She drew the sword from its bundle, leveled it at his chest, and he stared. He stood perfectly still, eyes on the point, making no move to defend himself or to flee. And then a wild sorrowful light flared into his eyes, and he looked past the blade, into Muire’s. “I threw her into the sea.”

“The sea gave her back.”

“And you retrieved her from the wizard. Why?”

Muire reversed Svanvitr in her hand and extended her to him, pommel first. And Mingan—he stood as if frozen, watching the hilt of the sword as if it were the head of a snake.

“I came to kill you if you would not listen,” he said. He made no move to take Svanvítr from her hand. “I have been watching the world wind down, and it is restful.”

“It is not what you are made for.” She stretched the sword further.

“I am fallen,” he said. “There can be no answer for what I have done. I am everything the tarnished were, and more.”

“Mingan, you were meant to be here, and yours is the hardest road of all. You dress in shadows, brother, but there is starlight in your eyes.”

He gasped, his hands flexing at his sides. His eyes clenched shut again, and his head jerked once, sharply. “Strifbjorn might have lived. They all might have lived, without me.”

“And they all might have died.”

“No!” he cried, and then, “No,” he whispered.

“You are forgiven,” she said, usurping another divine prerogative, and he cringed. Cringed away, recoiled—as if whatever he felt had shocked him, and spun back toward her, hands outstretched. He snatched the crystal sword, blade slicing her fingers as he pulled it free. She let go, blood scattering from her hand.

“Decide,” she said, and spread her arms out as he had, earlier. “My sword is in the kitchen. Yours is in your hand.”

He raised Svanvitr as if to plunge her through Muire’s breast, into her heart. The blade was dark, dark, dark.

Muire.

Muire took a step toward the point. Mingan drew her back another inch, lofted her above and behind his head like a javelin. Like the hand that held it, the tip of the shadowy blade shivered.

Muire!

“Decide,” she said, as calm as if she had never run for her life from anything.

Svanvítr flared savagely into incandescence.

And it was the wolf who hissed once, turned on his heel in a whirl of cloak, and ran, unable to vanish into the shadows when the shadows streamed away on all sides from the brand of light in his hand. Footsteps, from he who was usually so silent, pounded the stairs.
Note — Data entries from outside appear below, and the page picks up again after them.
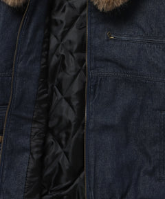 FUR DENIM HOODIE JKT / デニム ジャケット ファー 中綿 ダブルジップ フーディ ネイビー
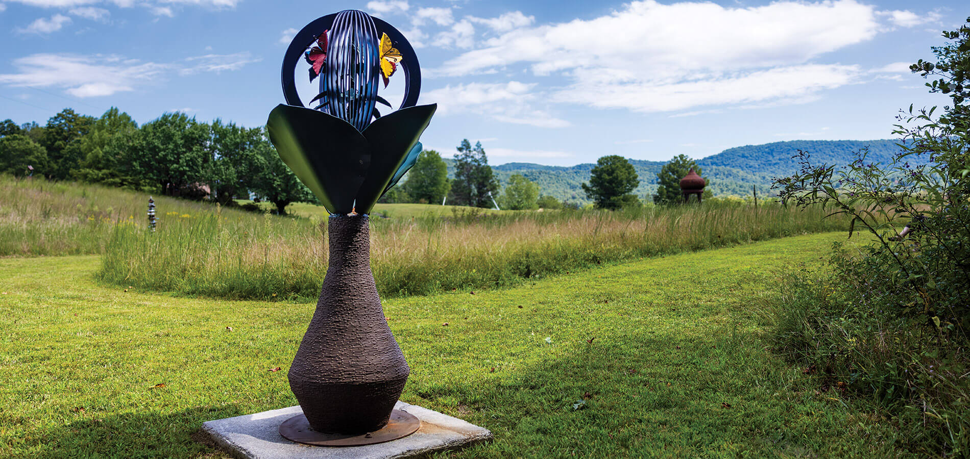 “To work with this backdrop is so ideal,” Bigley says. A graduate of Appalachian State University and Alfred University, he taught art at Spellman College in Atlanta before returning to North Carolina to realize his vision. Now, he’s back at App State, teaching and bringing together artists and art lovers alike in this rural environment that’s better known for big barns and oversize tractors than for sculptures of giant fingers with painted nails. As he walks along the park’s upper ridge, he gazes across terrain so vast that many of the sculptures appear tiny against the mountains and sky. “It’s amazing how even a 10- or 12-foot piece gets kind of swallowed up in this landscape,” he says. “My hope is to get a few 20- or 30-foot works out here in the next couple years.”
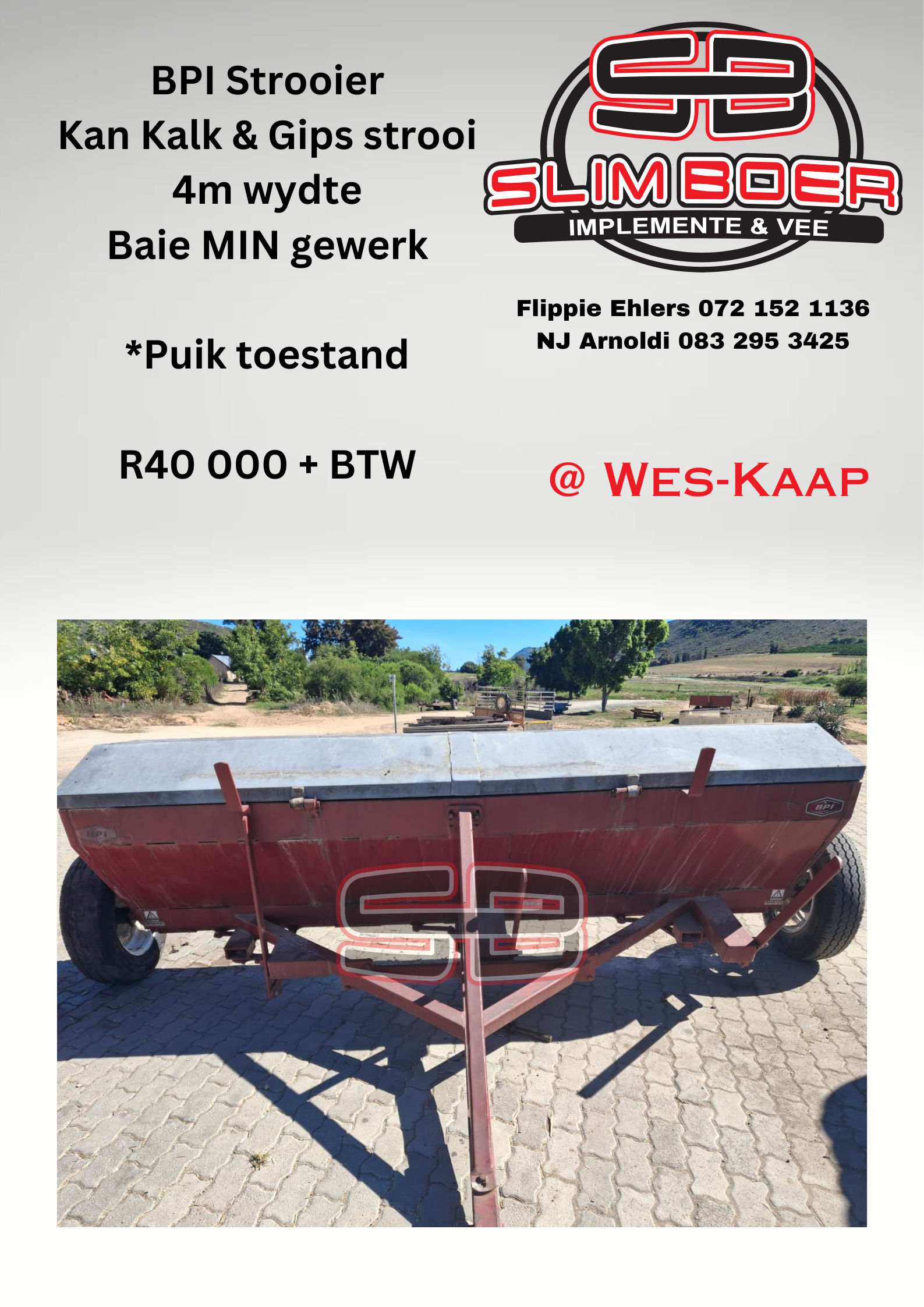 BPI Strooier, kan Kalk & Gips strooi, 4m wydte

Muire heard a board crack, heard the hesitation and then the thump as he leaped the last flight to the ground.

She closed her eyes and breathed out, long and quietly. “Well,” she said, hugging herself, wondering when she would begin trembling, “one redemption down.”

Six million and twenty to go.

 

T
he wolf runs.

But what he runs from is in his heart, it is in his hand. He is no ghost now; his bootnails ring on stone. Shopkeepers and urchins turn to watch as he pelts past, his cloak aswirl about him, Svanvitr singing in his head with joy to be reunited. His
intangibility, his anonymity, are stripped from him in a blaze of light, as surely as the sun at dawn strips the mist and mystery from a river. He is in the world now, and there is no escaping it. Pinned by the sword in his hand—

—at least until he pauses to think. And then he realizes, he has a cloak. The light can be swaddled away. He cannot stop it burning him—burning not his hand, his eyes, but his spirit and mind—but he can hide it, and perhaps find the shadows and the otherworld again.

He darts into a yard and tears his cloak over his head. The thick wool is soft, unwieldy. It clings to his hands and swings with heavy drape, but he manages the sword. Svanvitr is muffled.

He leans against the wall, panting, his face streaked with light. The song still burns through his mind, scourging, polishing. Stripping him clean.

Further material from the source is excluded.